- Born: 1987 (age 38–39) Goma, North Kivu, Democratic Republic of the Congo
- Citizenship: Congolese
- Education: Blekinge Institute of Technology (BSc in Economics) Unstated Institution in Sweden (MSc in Business Management)
- Occupations: Singer-songwriter; record producer; economist;
- Years active: 2011—present
- Musical career
- Origin: Goma, Democratic Republic of the Congo
- Genres: Congolese rumba; R&B; afrobeats;
- Instruments: Vocals; DAW; sampler;

= Alicios Theluji =

Congolese recording artist

Alicios Theluji (last name pronounced Ze-loo-gee), (born in 1987), is a Congolese recording artist, based in Nairobi, Kenya. She sings in both Swahili and Lingala, but also fluent in English and French.

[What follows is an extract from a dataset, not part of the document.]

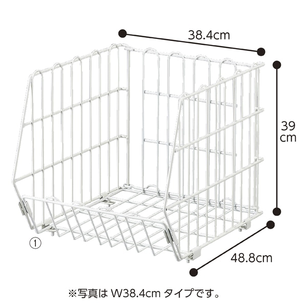 - (1)(2)奥行48.8×高さ39cmカゴ:高さ(前11.4・後35.4)cm 線材:カゴ直径4mm 枠部分直径6mm

==Background and education==
She was born in Goma, in the eastern part of the Democratic Republic of the Congo in 1987, to "Jacky Kahara Laini" and a father who was a businessman. Her mother was a singer and tailor. Theluji's father died in an automobile accident when she was four years old.

The family, which included Theluji, two siblings and their mother, relocated to Kinshasa, the capital and largest city in DR Congo. In 1993, when she was six years old, the family visited Kenya, but they returned to DR Congo. In 1996, when the First Congo War that removed Mobutu Sese Seko from power broke out, the family took refugee in Nairobi.

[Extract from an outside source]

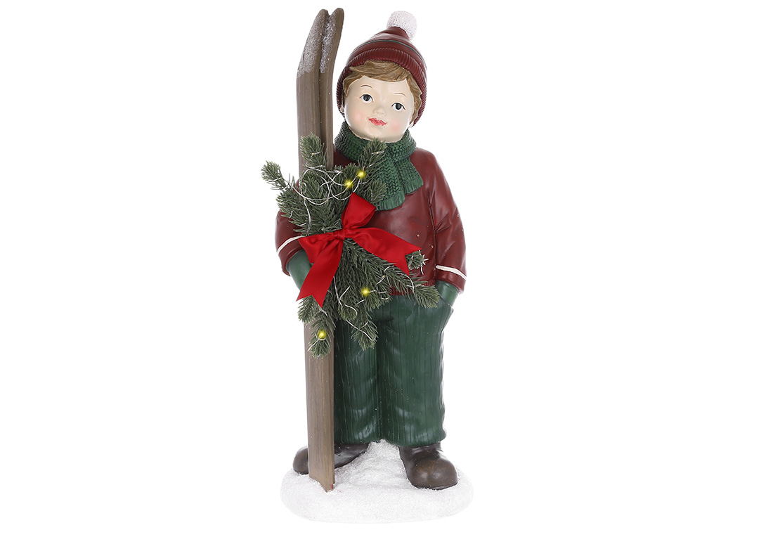 Декоративна фігура з LED підсвічуванням Хлопчик з лижами, 47см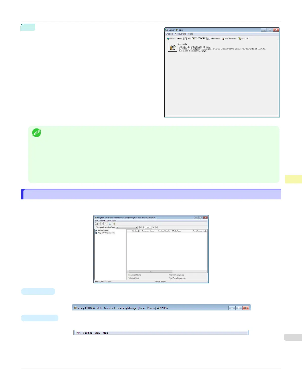 The Accounting Manager main window consists of a title bar, menu bar, toolbars, listed job selection area, job list area,

Alicios attended St. Mary's Academy, Nairobi for her high school education. She then left Kenya to attend Blekinge Institute of Technology, where she graduated with a Bachelor of Science in Economics. She also holds a Master of Science in Business Management from an institution in Sweden.

==Career==
Alicios recorded her first song Mpita Njia, in 2011 and released it in 2012, when she was still an undergraduate. The song, was composed and written by herself, it featured vocals from the Ugandan performing artist Juliana Kanyomozi. Alicios maintains a successful solo-recording career, with collaboration from other leading East African artists on some of the records. She now spends lot of her time in Sweden where her mother and step-sister also live.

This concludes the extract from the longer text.